I have an AM/FM/CD radio in my sailboat. I installed it myself. The first one was an expensive marine unit which failed after a few years so I replaced it with a inexpensive standard car unit. It worked fine for a few years also but one day I noticed an acrid smell near it. A few days later I looked again and saw that the antenna lead had MELTED! The antenna is mounted at the top of a 45 ft grounded aluminum mast and a coax cable comes down the mast and into the radio with a standard car antenna jack. Two days later I noticed that other cables attached to the radio but unconnected to anything had also melted and now the fiberglass above it was clearly charred. Clearly there had been flames there so I took it all out. Today I replaced it with another new car radio from a different manufacturer.

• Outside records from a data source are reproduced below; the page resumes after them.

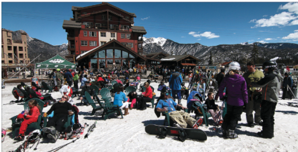
End-of-season sun bathing is taken very seriously at the beach.
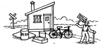
Ten Years Later

Consumer prices rose 3.7% in the 12 months to May, Statistics Canada reports. This is the largest increase since March 2003. This follows a 3.3% increase posted in April. While most of this increase is attributed to rising energy costs, excluding gasoline, the Consumer Price Index (CPI) rose 2.4% in the 12 months to May, following a 2.2% rise in April.
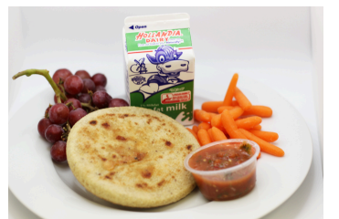
Bean & Cheese Pupusa
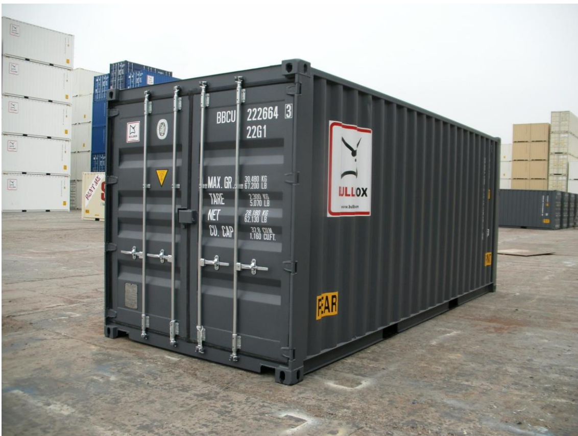
STEEL DRY CARGO CONTAINER BULLBOX 20' double doors x 8' x 8 '6"

My question is "What the heck could have caused the burning and melting wires???" At first I assumed a lightening strike but the CD player portion still works. For all I know the radio might work too but I had to destroy the antenna jack to remove the radio. A lightening strike probably would have taken out all of the electronics on the boat but nothing else is damaged and I see no other evidence of a direct lightening hit. No fuses or breakers were ever blown. The apparent minor fire happened while the radio was OFF. There are two power leads to it, one that is always on to keep memory intact and one that only comes on when the radio breaker is on. All I can think of is that the first power lead may not be fused (it certainly isn't on a breaker), and that perhaps it wasn't fused in the radio either and there was a short in the radio that caused high currents and eventually heat and melting wires. I'm lucky the boat didn't burn down.
Any other theories I might check out? The new radio has a standard plug in auto fuse on the back.